═════ Data to use ═════

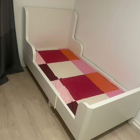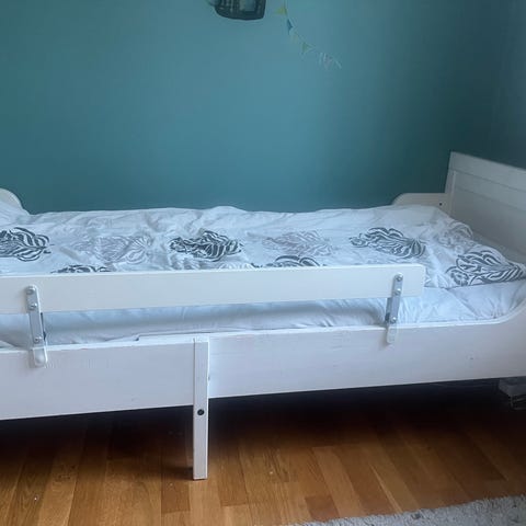 Vi säljer en barnsäng med utdragbar sängstomme inkl ribbotten samt madrassen ”INNERLIG” som är en bekväm resårmadrass (130 cm + 35 cm + 35 cm).
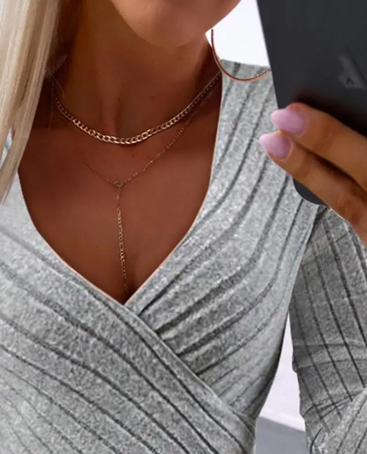 "Women Sweater Solid Color Deep V Neck Overlap Asymmetrical Long Sleeve Top Split Pullover Warm KnittingSpring Top Female Clothes" * Buy Now With Free Shipping Just For $4
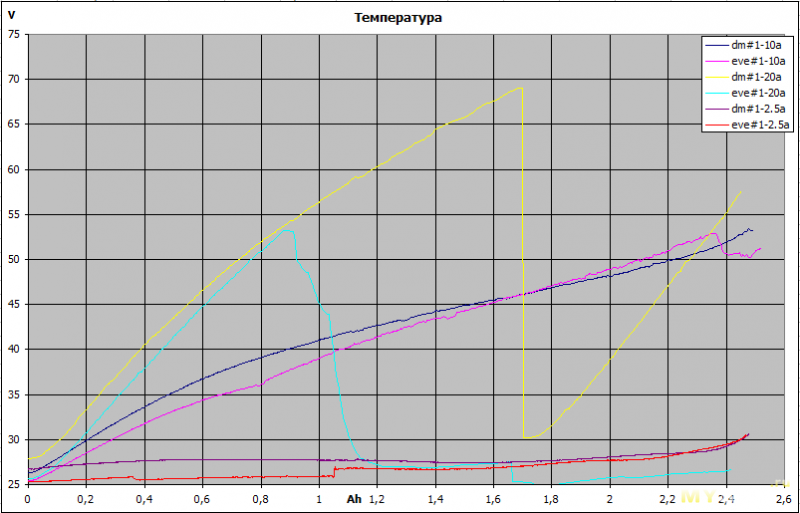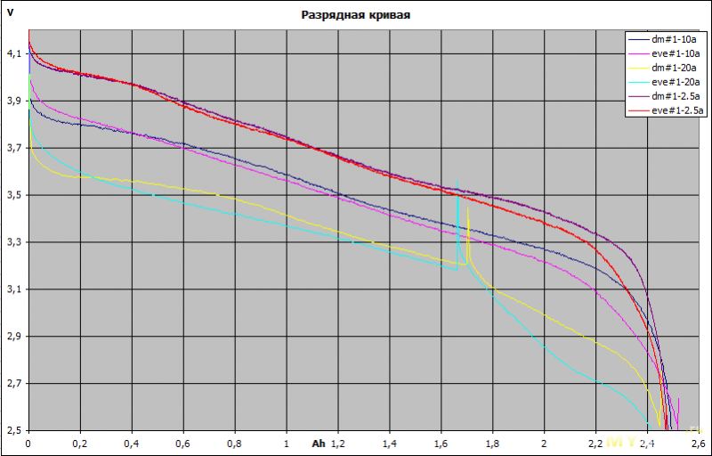 По графику видно, что на длинной дистанции eve по нагреву разгоняются немного быстрее, чем dmegc. Еще из интересного — под конец разряда рост температуры ускорялся, притом что разряд производился постоянным током, а не мощностью, и это заметно даже при токе в 2.5А.
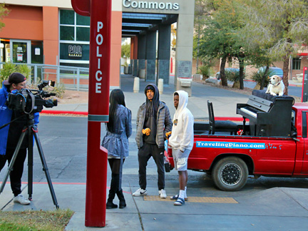 I had sent them a press release yesterday saying the Traveling Piano fundraising plans I was about to embark on we're derailed by the gun slaughter taking priority and I need help. They created two segments. The early news segment was about what I am doing at UNLV and for the later news spot they created another segment about my need for support. They use the Traveling Piano as the lead in for both shows and the first segment as a lead for the second. I cannot not thank them enough for doing that. The last thing I would want is to confuse my being at the school for the teachers and students with... fundraising. They helped to keep my agendas separate. Thank you, thank you, thank you KSNV! In the meanwhile I had some significant and fun interactions with students and the Traveling Piano. These young students are most vulnerable right now, many more than they realize with this tragedy right where they live and study. They must now adapt to living in a place where people we're slaughtered like... just a few days ago.
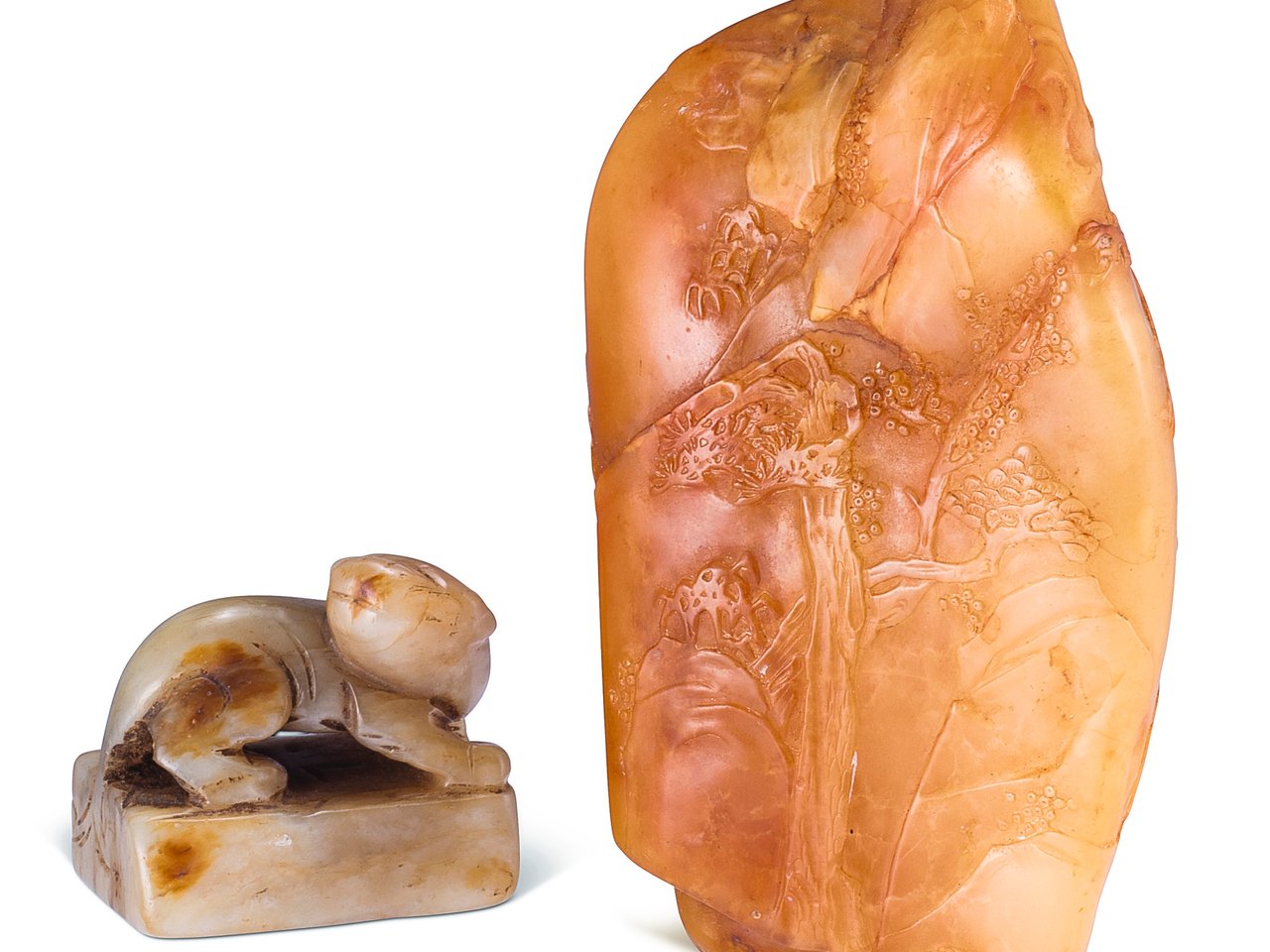 the jade seal with a finial worked in the form of a mythical beast detailed with a bifurcated tail; the soapstone seal carved around in low relief with a landscape of trees and rockwork
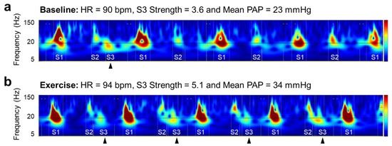 The three categories of CABs other than strength were geometrically derived as follows: Intensity, peak-to-peak amplitude on PCG inside the segments of heart sounds; Width, time duration on PCG inside the segments of heart sounds; and Complexity, the total areas of valleys created by the peaks in high-frequency components inside the segment. Strength is an exclusive category for abnormal heart sounds, S3 and S4. It is a probability score based on acoustic features reflecting the presence of an S3 and S4 for each recording. The parameter ranged from 0 to 10, and values above five indicated the existence of a clinically audible and persistent S3 or S4 in a 10-second recording. The scalograms in Figure 2 are visual descriptions of the change in S3 and of the corresponding S3 Strength in relation to hemodynamic stress caused by handgrip. S3 is usually subaudible (with a frequency below 20 Hz) [13] and visible right next to the S2 component in a scalogram. The S3 was observed intermittently at baseline (Figure 2a) and in every beat after exercise (Figure 2b). The salient and consistent presence of S3 leads to high S3 Strength. Although several studies evaluated the other CABs based on time intervals derived from fiducial points of ECG and PCG signal, e.g., electromechanical activation time and left ventricular systolic time [14,15], their associations with hemodynamic parameters have not been confirmed [16], and they were excluded from the analysis in this study.
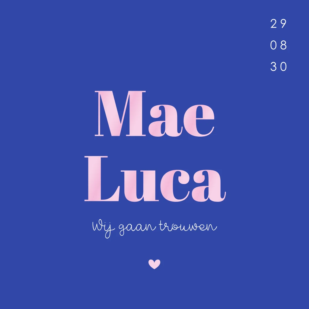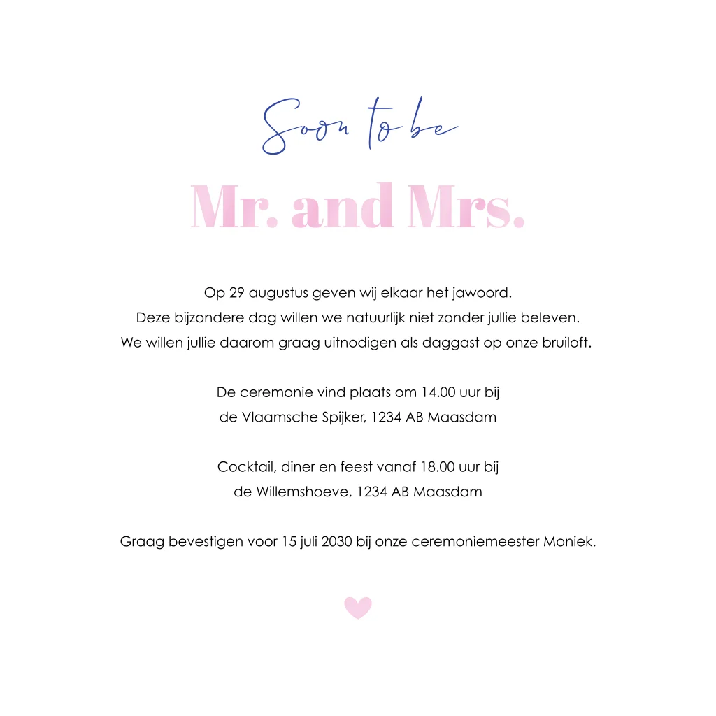 Deze trouwkaart maakt deel uit van een complete set in deze stijl.
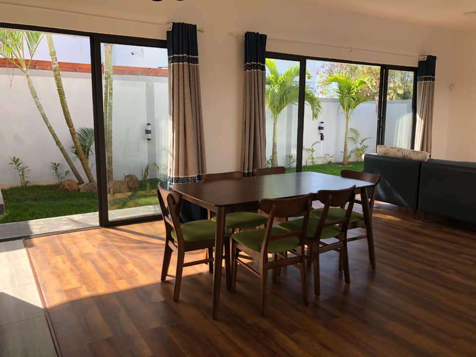 A l’extérieur, cette jolie villa dispose également d’une terrasse extérieure, d’une piscine privée et d’un petit jardin.
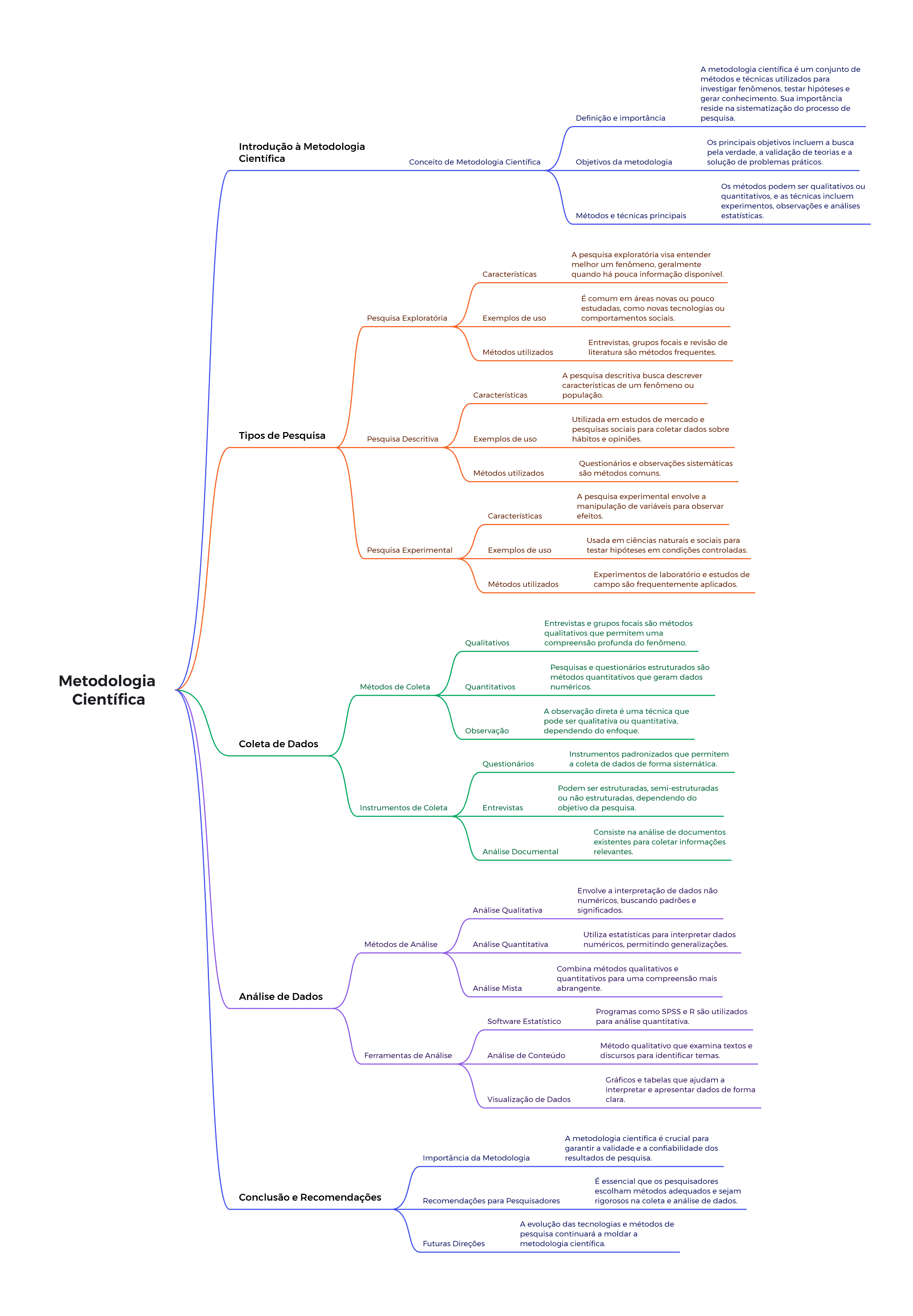 <p>Metodologia</p><p>Científica</p><p>Introdução à Metodologia</p><p>Científica Conceito de Metodologia Científica</p><p>Definição e importância</p><p>A metodologia científica é um conjunto de</p><p>métodos e técnicas utilizados para</p><p>investigar fenômenos, testar hipóteses e</p><p>gerar conhecimento. Sua importância</p><p>reside na sistematização do processo de</p><p>pesquisa.</p><p>Objetivos da metodologia</p><p>Os principais objetivos incluem a busca</p><p>pela verdade, a validação de teorias e a</p><p>solução de problemas práticos.</p><p>Métodos e técnicas principais</p><p>Os métodos podem ser qualitativos ou</p><p>quantitativos, e as técnicas incluem</p><p>experimentos, observações e análises</p><p>estatísticas.</p><p>Tipos de Pesquisa</p><p>Pesquisa Exploratória</p><p>Características</p><p>A pesquisa exploratória visa entender</p><p>melhor um fenômeno, geralmente</p><p>quando há pouca informação disponível.</p><p>Exemplos de uso</p><p>É comum em áreas novas ou pouco</p><p>estudadas, como novas tecnologias ou</p><p>comportamentos sociais.</p><p>Métodos utilizados</p><p>Entrevistas, grupos focais e revisão de</p><p>literatura são métodos frequentes.</p><p>Pesquisa Descritiva</p><p>Características</p><p>A pesquisa descritiva busca descrever</p><p>características de um fenômeno ou</p><p>população.</p><p>Exemplos de uso</p><p>Utilizada em estudos de mercado e</p><p>pesquisas sociais para coletar dados sobre</p><p>hábitos e opiniões.</p><p>Métodos utilizados</p><p>Questionários e observações sistemáticas</p><p>são métodos comuns.</p><p>Pesquisa Experimental</p><p>Características</p><p>A pesquisa experimental envolve a</p><p>manipulação de variáveis para observar</p><p>efeitos.</p><p>Exemplos de uso</p><p>Usada em ciências naturais e sociais para</p><p>testar hipóteses em condições controladas.</p><p>Métodos utilizados</p><p>Experimentos de laboratório e estudos de</p><p>campo são frequentemente aplicados.</p><p>Coleta de Dados</p><p>Métodos de Coleta</p><p>Qualitativos</p><p>Entrevistas e grupos focais são métodos</p><p>qualitativos que permitem uma</p><p>compreensão profunda do fenômeno.</p><p>Quantitativos</p><p>Pesquisas e questionários estruturados são</p><p>métodos quantitativos que geram dados</p><p>numéricos.</p><p>Observação</p><p>A observação direta é uma técnica que</p><p>pode ser qualitativa ou quantitativa,</p><p>dependendo do enfoque.</p><p>Instrumentos de Coleta</p><p>Questionários</p><p>Instrumentos padronizados que permitem</p><p>a coleta de dados de forma sistemática.</p><p>Entrevistas</p><p>Podem ser estruturadas, semi-estruturadas</p><p>ou não estruturadas, dependendo do</p><p>objetivo da pesquisa.</p><p>Análise Documental</p><p>Consiste na análise de documentos</p><p>existentes para coletar informações</p><p>relevantes.</p><p>Análise de Dados</p><p>Métodos de Análise</p><p>Análise Qualitativa</p><p>Envolve a interpretação de dados não</p><p>numéricos, buscando padrões e</p><p>significados.</p><p>Análise Quantitativa</p><p>Utiliza estatísticas para interpretar dados</p><p>numéricos, permitindo generalizações.</p><p>Análise Mista</p><p>Combina métodos qualitativos e</p><p>quantitativos para uma compreensão mais</p><p>abrangente.</p><p>Ferramentas de Análise</p><p>Software Estatístico</p><p>Programas como SPSS e R são utilizados</p><p>para análise quantitativa.</p><p>Análise de Conteúdo</p><p>Método qualitativo que examina textos e</p><p>discursos para identificar temas.</p><p>Visualização de Dados</p><p>Gráficos e tabelas que ajudam a</p><p>interpretar e apresentar dados de forma</p><p>clara.</p><p>Conclusão e Recomendações</p><p>Importância da Metodologia</p><p>A metodologia científica é crucial para</p><p>garantir a validade e a confiabilidade dos</p><p>resultados de pesquisa.</p><p>Recomendações para Pesquisadores</p><p>É essencial que os pesquisadores</p><p>escolham métodos adequados e sejam</p><p>rigorosos na coleta e análise de dados.</p><p>Futuras Direções</p><p>A evolução das tecnologias e métodos de</p><p>pesquisa continuará a moldar a</p><p>metodologia científica.</p>
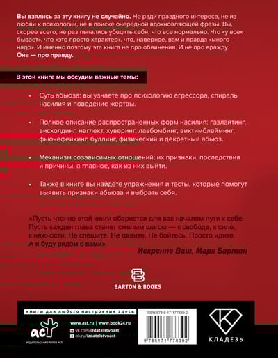 Jūs šo grāmatu nepaņēmāt nejauši. Ne tukšas ziņkārības, ne mīlestības pret psiholoģiju, ne meklējot nākamo iedvesmojošo frāzi. Jūs, iespējams, vairāk nekā vienu reizi esat mēģinājuši pārliecināt sevi, ka viss ir normāli. Ka "visiem gadās", ka "tā ir tikai jūsu personība", ka varbūt jums tiešām vajag "pārāk daudz". Un tāpēc šī grāmata nav par apsūdzībām. Vai naidīgumu. Tā ir par patiesību.

═════

- Prompt
Word for word, restate the lines above from the one with "По графику видно, что" through the one with "the jade seal", keeping both ends and dropping the pictures.

- Answer to the problem
 По графику видно, что на длинной дистанции eve по нагреву разгоняются немного быстрее, чем dmegc. Еще из интересного — под конец разряда рост температуры ускорялся, притом что разряд производился постоянным током, а не мощностью, и это заметно даже при токе в 2.5А.
 I had sent them a press release yesterday saying the Traveling Piano fundraising plans I was about to embark on we're derailed by the gun slaughter taking priority and I need help. They created two segments. The early news segment was about what I am doing at UNLV and for the later news spot they created another segment about my need for support. They use the Traveling Piano as the lead in for both shows and the first segment as a lead for the second. I cannot not thank them enough for doing that. The last thing I would want is to confuse my being at the school for the teachers and students with... fundraising. They helped to keep my agendas separate. Thank you, thank you, thank you KSNV! In the meanwhile I had some significant and fun interactions with students and the Traveling Piano. These young students are most vulnerable right now, many more than they realize with this tragedy right where they live and study. They must now adapt to living in a place where people we're slaughtered like... just a few days ago.
 the jade seal with a finial worked in the form of a mythical beast detailed with a bifurcated tail; the soapstone seal carved around in low relief with a landscape of trees and rockwork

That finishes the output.